Before coming to Johns Hopkins, I worked with the research group at Microsoft Translate (under Hany Hassan Awadalla). My undergraduate degree is from Georgia Tech where I worked in Jacob Eisenstein’s lab. I also spent lots of time organizing educational events and campus outreach groups. I previously interned at Microsoft Semantic Machines and my other work experience includes undergrad SWE internships at Microsoft and a quantitative trading firm.

news

Sep 2025 We release Multilingual Modern Bert - mmbert! 100k downloads on HF
May 2025 Interning with the pretraining and data team at Meta Superintelligence Labs
Apr 2025 With Jack Zhang, released BloomScrub! This follows our line of work on quoting and copying from training data (EMNLP 2025, EACL 2024, NAACL 2025).

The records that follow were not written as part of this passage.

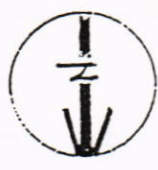
EXHIBIT "A" (1 of 2)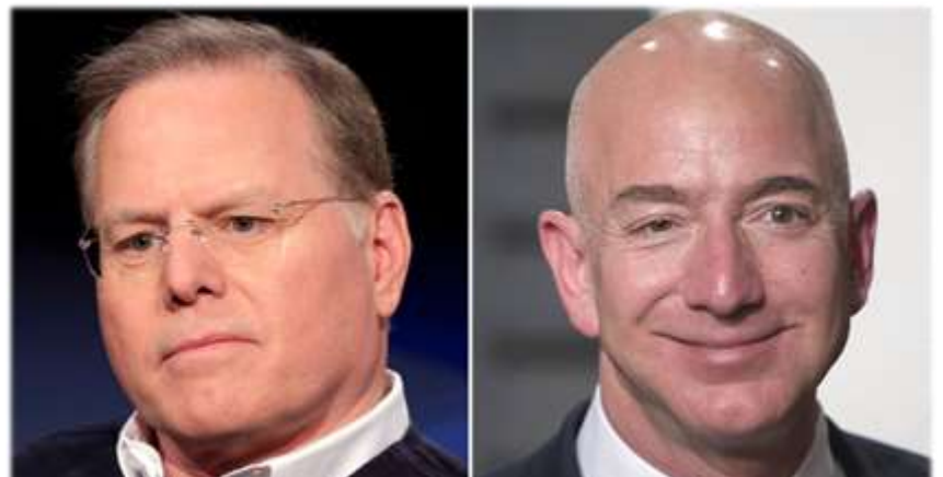
Warner Bros. Discovery's CEO David Zaslav & Amazon's Founder and CEO Jeff Bezos

Over the past month, two thunderbolts have crashed down on Hollywood and shaken the foundations of the movie business. Four weeks ago, AT&T made a surprise announcement that it would spin off its WarnerMedia division and merge it together with Discovery Networks to create Warner Bros. Discovery. The very next week, Amazon concluded its long-rumored pursuit of MGM, spending $8.45B to acquire the studio to bolster the content offerings for the e-commerce powerhouse. Additional mergers may well follow, as the major players in global entertainment jockey to reach consumers across all channels, geographies and formats.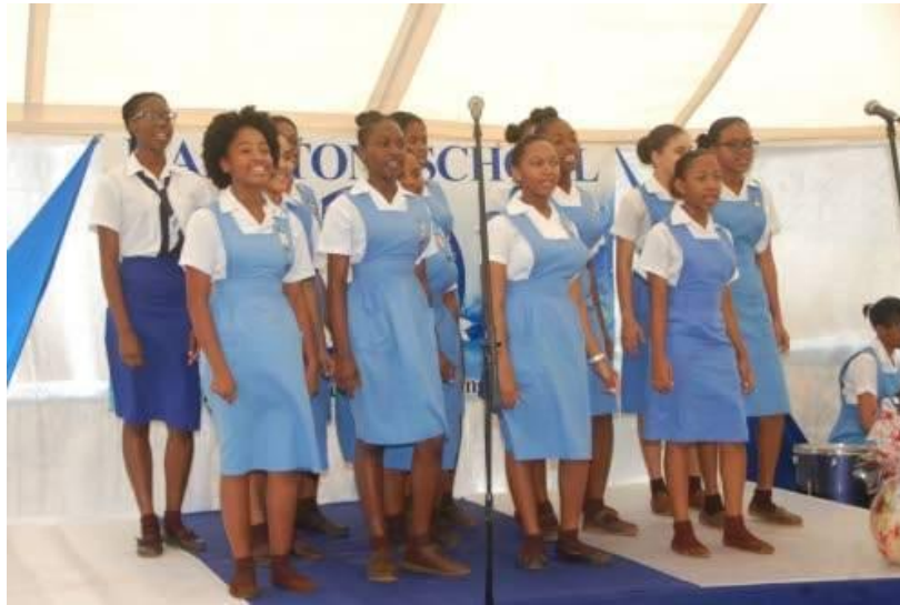
Hampton School Choir performs 160 th anniversary song.

MALVERN, St Elizabeth — Iconic all-girls' school Hampton last year celebrated the 160th anniversary of its establishment by the Munro and Dickenson Trust.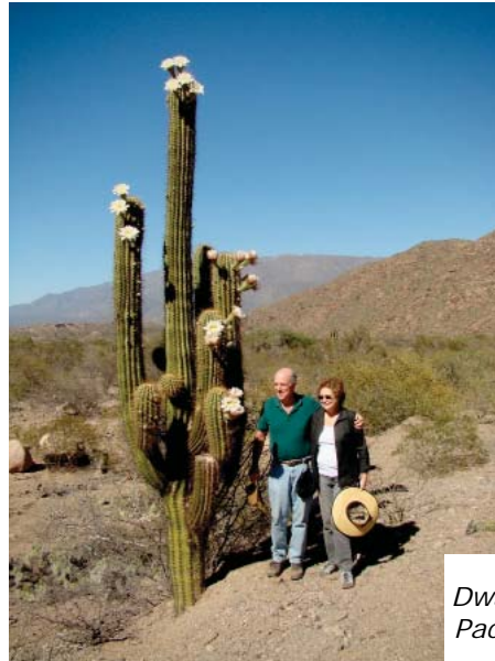
Dwarfed by a blooming Pachycereus terscheckii

Here are a couple of pictures from the Hem-enway's trip to Argentina.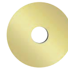
PB POLISHED BRASS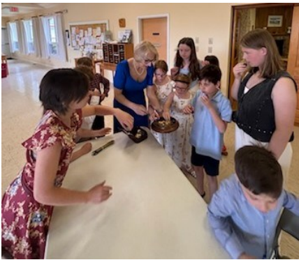
Our children take communion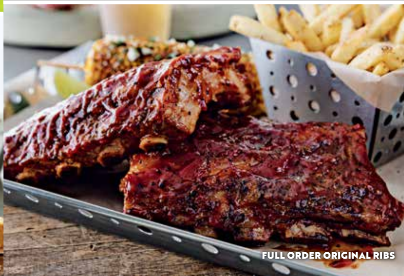
FULL ORDER ORIGINAL RIBS

WORLD FAMOUS! FALL-OFF-THE-BONE GREATNESS.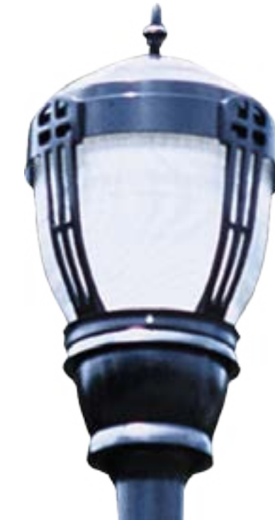
1. Dunwoody Village Standard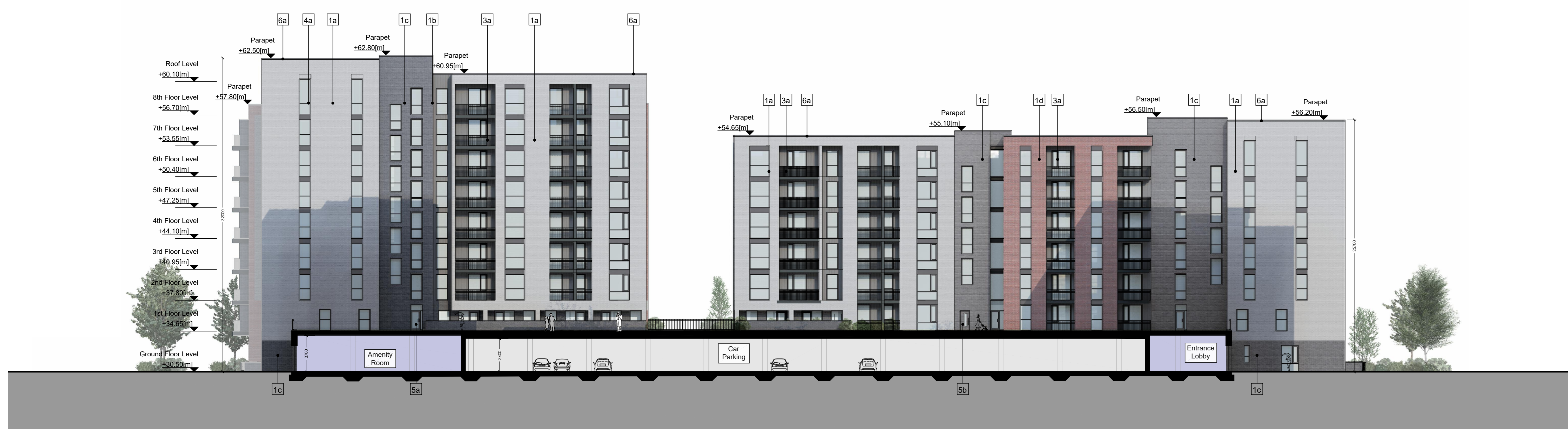
02 - Courtyard East Elevation - Block 1 Scale 1:200 @A0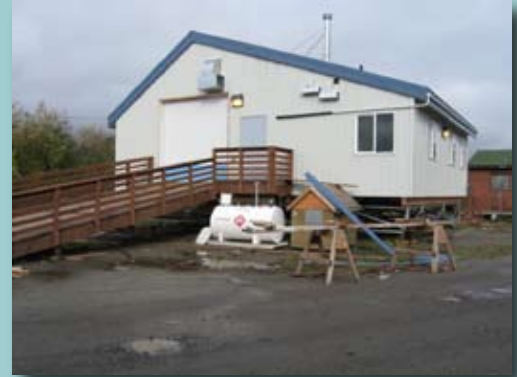
The Fritz Willie Memorial FSC in Napakiak is now operational as of this fall

As 2007 comes to a close we look forward to the New Year. CVRF remains committed to the stability and adaptability that is enhancing the lives of the people of the CVRF region.

Oct 2024 Attending CoLM 2024. Dated Data wins Outstanding Paper 🏆!
Jul 2024 Dated Data accepted @ CoLM 2024 - tweets
May 2024 Interning with the LLM data team @ Databricks/MosaicML
Feb 2024 StarCoder2 and The Stack v2 released - paper link
May 2023 StarCoder, a 15B param open-source code LLM, uses my Data Portraits for membership testing!
Mar 2023 Released Data Portraits for dataset documentation! Twitter thread. Presented @ NeurIPS 2023!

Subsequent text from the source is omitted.